Sen. Bruce Burns (R-Sheridan) questioned the impact of the cuts on the provider network and physician’s ability to deliver care at a lower rate at the JAC meeting. Forslund agreed with the concern, but felt he had little choice in order to get to a required budget reduction.
“That is always the danger or risk when you start to reduce rates in the Medicaid program,” Forslund said. “The providers say ‘thank you very much but we won’t take Medicaid patients anymore because they are too expensive to treat.’”
Forslund went on to say the State of Wyoming has the highest participation rate of providers in the Medicaid program nationwide. He added that states such as New Jersey who do not continue to pay high reimbursement rates to providers end up with very low provider participation in Medicaid.

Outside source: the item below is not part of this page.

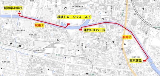 ○東日本旅客鉄道株式会社(本社:東京都渋谷区、代表取締役社長:喜㔟 陽一、以下「JR東日本」)、FPV Robotics株式会社(本社:東京都渋谷区、代表取締役社長:駒形 政樹、以下「FPV Robotics」)、株式会社コア(本社:東京都世田谷区、代表取締役社長執行役員:横山 浩二、以下「コア」)、板橋区(区長:坂本 健)は、社会課題の解決によってWell-beingな社会の実現を目指す「WaaS共創コンソーシアム*1」の取り組みとして、板橋区の新河岸川を中心に設定したドローン航路で、災害時における物資輸送ルートとしての活用可能性を検証する実証実験を実施します。

“There is a direct correlation in how much you reimburse versus how many providers won’t take Medicaid patients. The more you reduce your reimbursement rate, the more providers will say they won’t take the Medicaid patients because it doesn’t cover the cost of taking care of them.”

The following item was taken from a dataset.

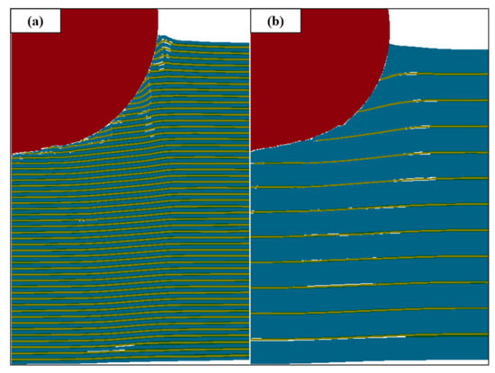 The simulations were conducted using a commercial explicit code LS-DYNA (Livermore Soft Technology Corporation, Livermore, CA, USA). According to the Johnson–Cook model, the dynamic flow stress is described by the strain, strain rate, and temperature, and the constitutive equation is expressed as Equation (1).

Other ways the Department of Health will cut its budget to spend what it has available is to no longer pay for nursing facility hold/reserve days, physician-administered drugs (j-code) rebates, patient contribution to swing bed and extraordinary nursing home clients.

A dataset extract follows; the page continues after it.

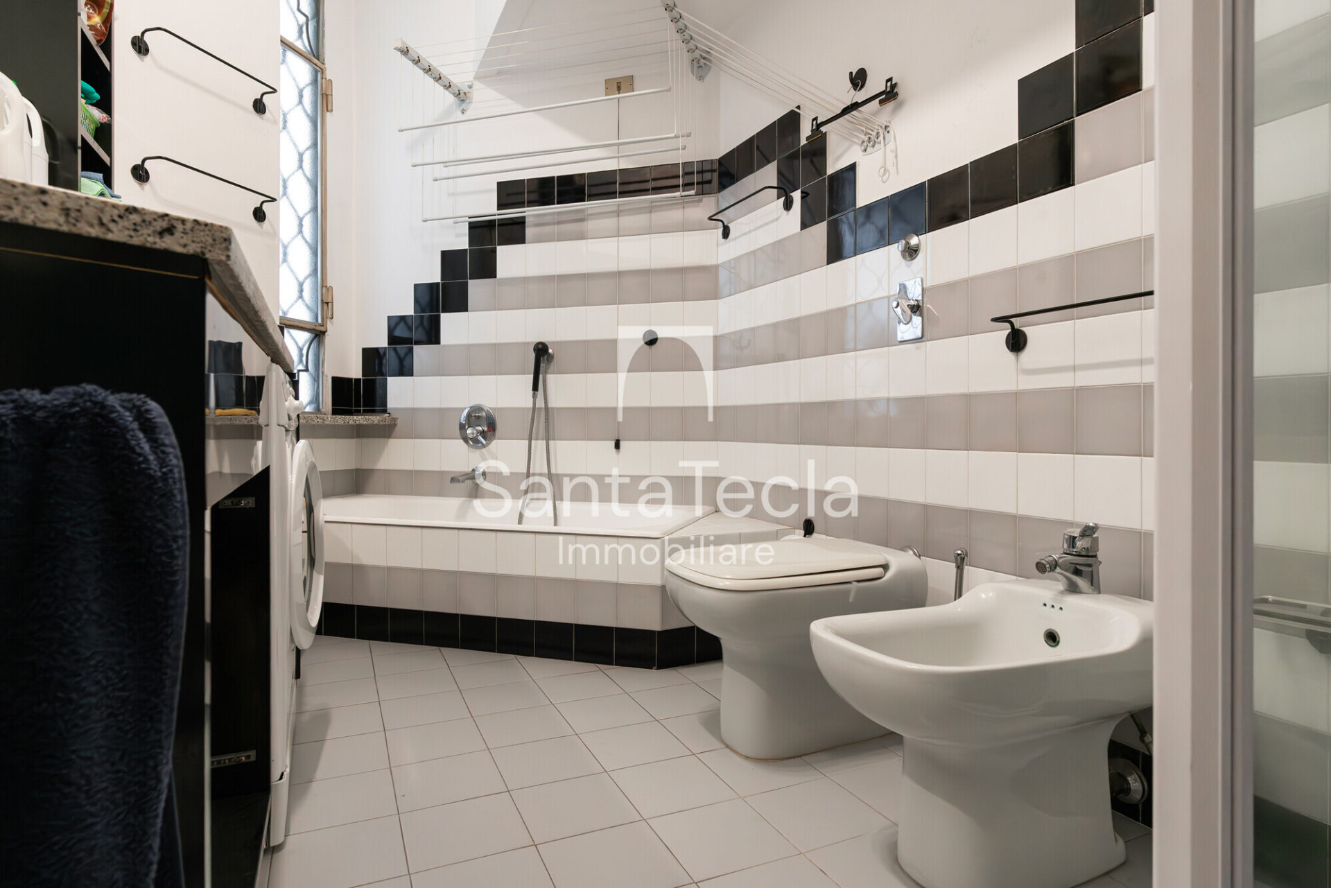 Una scala interna in parquet di rovere chiaro conduce al terzo piano, dove si trovano due camere da letto attualmente a vista sulla zona giorno, facilmente separabili per garantire maggiore privacy. Le camere sono illuminate da infissi Velux e presentano soffitti con travi a vista in legno laccato bianco, conferendo un tocco di charme e calore all’ambiente. Completano il piano due bagni moderni, una spaziosa cabina armadio e una zona sottotetto con altezza centrale di 1,80 metri, ideale come ripostiglio.

Physicians are not the only group to be impacted by the round of cuts. Mental health and substance abuse centers will see significant cuts, including over $11 million in reduction of grants to the community mental health centers. Hospitals who accept and treat Title 25 clients waiting for beds in Evanston will be given a 14 percent reduced reimbursement rate. Another $2 million for suicide prevention services will be cut. Developmental pre-schools can expect a $6.7 million cut, while senior centers and care will also see deep cuts.
Among the other cuts to Department of Health programming are ending the state license shelter care, ending the Employed Individuals with Disability Program; Ending the Breast/Cervical coverage for individuals who make 100 percent or more of the federal poverty level; ending the Prescription Drug Assistance Program; ending Adult Vision Coverage and Adult Dental Coverage available to those already in Medicaid.
Forslund also cautioned the JAC that he would not be able to pay for cost overruns in the Title 25 program in 2017-18 without a large increase to the biennium’s $4.4 million budget. Right now, the deficit for that budget in the 2016 biennium is $17 million.
Some JAC members asked how the state would have been impacted had it accepted Medicaid expansion. A frustrated Forslund said he stood by the numbers he had offered the group in years one, two and three of the expansion effort and said as soon as he makes the cuts he is proposing the ship has sailed on expansion dollars for the state.
“(As soon as he makes the cuts official) The money I would have used to pay for the match is gone,” Forslund said. “If we did expansion today it would have benefit. It would benefit the 20,000 plus or minus individuals who would have healthcare coverage. It would help health care providers who are getting hit with rate reductions as a result of these budget cuts. In terms of money to move over for the match, that money is going to be gone because I have to cut $75 million out of my budget.”